[Tutor] Fahrenheit to Celsius Conversion another problem and Programming Paradigm

William Gan ganwilliam at outlook.com
Thu Jun 15 14:16:11 EDT 2017


Hi David,

Very much thanks for taking time to help.

Your explanation has helped me understand that syntax issue better. I have resolved that error.

Your counsel on the second issue has given me encouragement. Thank you.

Best regards.


-----Original Message-----
From: David Rock [mailto:david at graniteweb.com] 
Sent: Thursday, June 15, 2017 2:04 AM
To: tutor at python.org
Subject: Re: [Tutor] Fahrenheit to Celsius Conversion another problem and Programming Paradigm


> On Jun 14, 2017, at 09:20, William Gan <ganwilliam at outlook.com> wrote:
> 
> However, today I modified only the print instruction a little to try to print out ℃ (in the second print clause). When I subsequently ran the script all the outputs were executed from the if clause, even when I input other letters (Please see below.
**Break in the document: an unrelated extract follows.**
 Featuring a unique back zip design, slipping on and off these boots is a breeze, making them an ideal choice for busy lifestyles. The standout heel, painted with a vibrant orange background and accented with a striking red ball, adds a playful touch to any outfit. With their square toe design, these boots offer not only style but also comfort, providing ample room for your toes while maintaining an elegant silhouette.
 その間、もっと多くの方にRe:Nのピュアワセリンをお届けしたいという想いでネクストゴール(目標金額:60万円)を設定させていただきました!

I have removed the code to print degree C).
> 
> 
> if unit == 'C' or 'c':
> 
>    f = temp * 9 / 5 + 32
> 
>    print(str(temp) + ' C is equivalent to ' + '%.2f' % f + ' F.')
> 
> elif unit == 'F' or 'f':
> 
>    c = (temp - 32) * 5 / 9
> 
>    print(str(temp) + ' F is equivalent to ' + "%.2f" % c + ' C.')


The problem is your if statement is flawed.

if unit == 'C' or 'c’:

This is not doing what you think it is.  You are expecting:
if unit == ‘C’ or unit == ‘c’

When doing an ‘or’ statement, each part of the logic on each side of the ‘or’ is evaluated, so if unit == ‘C’ is true, or if ‘c’ is true

is what’s actually being checked.  a bare character, ‘c’ will always evaluate to True, so the if is always true.
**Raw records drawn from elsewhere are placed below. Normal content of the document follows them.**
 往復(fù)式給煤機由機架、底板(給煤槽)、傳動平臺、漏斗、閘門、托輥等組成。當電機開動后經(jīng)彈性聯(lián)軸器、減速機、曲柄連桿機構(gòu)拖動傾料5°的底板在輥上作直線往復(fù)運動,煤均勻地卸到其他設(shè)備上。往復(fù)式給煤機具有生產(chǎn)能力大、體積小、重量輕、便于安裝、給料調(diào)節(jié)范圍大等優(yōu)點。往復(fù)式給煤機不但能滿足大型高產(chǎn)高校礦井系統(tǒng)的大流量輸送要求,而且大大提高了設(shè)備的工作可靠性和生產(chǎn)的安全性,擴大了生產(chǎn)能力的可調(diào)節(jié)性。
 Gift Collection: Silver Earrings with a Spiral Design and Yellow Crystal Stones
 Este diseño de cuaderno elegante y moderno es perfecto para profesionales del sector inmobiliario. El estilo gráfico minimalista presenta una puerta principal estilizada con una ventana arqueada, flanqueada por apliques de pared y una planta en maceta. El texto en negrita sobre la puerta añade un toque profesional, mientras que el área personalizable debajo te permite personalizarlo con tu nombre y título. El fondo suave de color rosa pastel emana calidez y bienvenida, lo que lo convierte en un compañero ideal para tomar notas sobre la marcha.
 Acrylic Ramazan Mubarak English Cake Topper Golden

What you actually want (checking if unit is ‘C’ or ‘c’) can be done a few ways.  The most common are:

if unit == ‘C’ or unit ==‘c’:

or

if unit in [‘C’, ‘c’]:



> ISSUE 2:
> 
> The second issue relates to the last statement above “I have looked at it many times today and could not see the error”.
> 
> 
> 
> I was hoping that someone, perhaps one with pedagogical experience and knowledge, could advise the following:
> 
> 1.       Is it possible that I may not have the right aptitude or mental paradigm to do computer programming?
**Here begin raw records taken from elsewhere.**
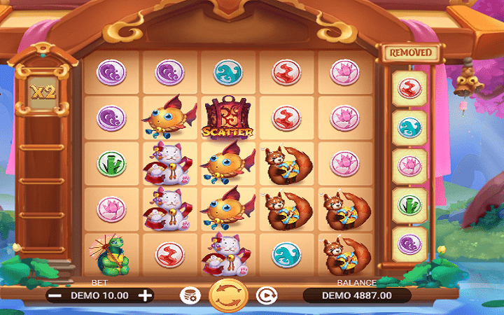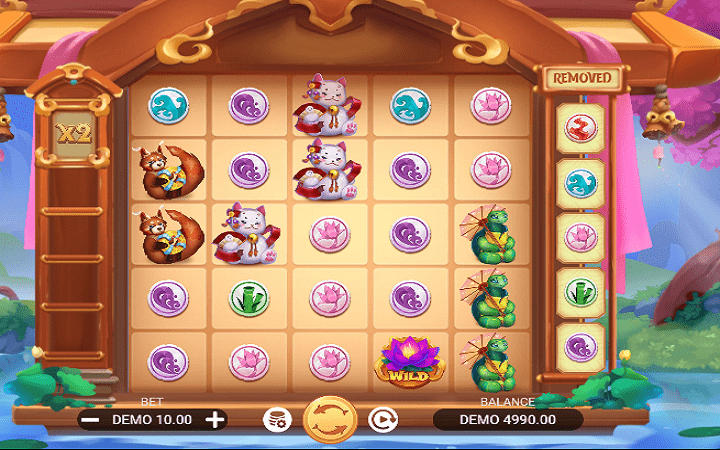 A zatim tu je kornjača, koja sa se sakrila ispod svog kišobrana zbog prejakog sunca, ali kad se pojavi na kolonama iznenadiće vas sa 3x više nego što je vaš ulog. Dok je najisplatljiviji simbol mačka, koja osim što pokazuje svoju lepezu, obezbjeđuje 4x više od vašeg uloga.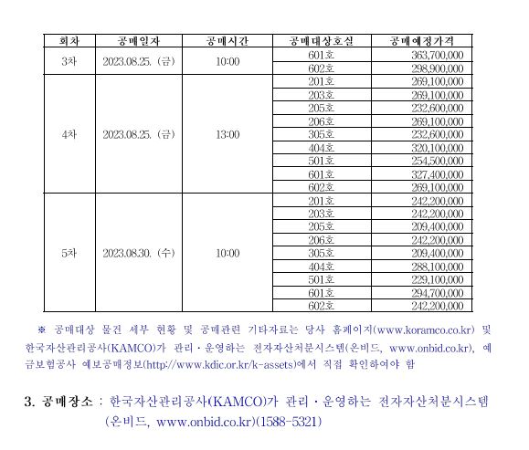- 공매장소 : 한국자산관리공사(KAMCO)가 관리·운영하는 전자자산처분시스템 (온비드, www.onbid.co.kr)(1588-5321)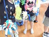 ペットボトルを振ると、水の色が白や赤になりました。赤団、白団決定です。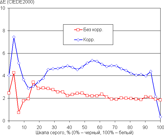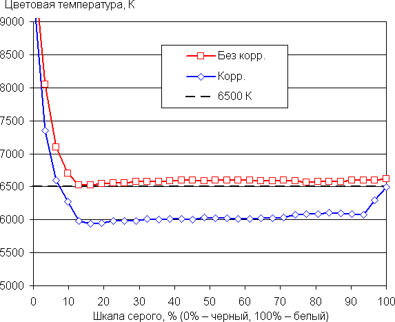 Баланс оттенков на шкале серого хороший (графики Без корр. на рисунках ниже), так как цветовая температура близка к стандартным 6500 К, и отклонение от спектра абсолютно черного тела (ΔE) даже ниже 3, что для потребительского устройства считается отличным показателем. При этом цветовая температура и ΔE мало изменяются от оттенка к оттенку — это положительно сказывается на визуальной оценке цветового баланса. (Самые темные области шкалы серого можно не учитывать, так как там баланс цветов не имеет большого значения, да и погрешность измерений цветовых характеристик на низкой яркости большая.)

Unlikely.  Programming is not about aptitude, it’s more about spending time understanding the rules.  The above is a prime example of getting to understand the rules.  Logic rules are notoriously specific; they check exactly what you tell them to check, which is not always what you think you are asking.  It just takes time.

> 
> 2.       Nevertheless, I intend to keep learning and practicing, but wonder if there is an effective way to get a breakthrough into the programming paradigm? If so, kindly advise how and direct me to a suitable resource to do it.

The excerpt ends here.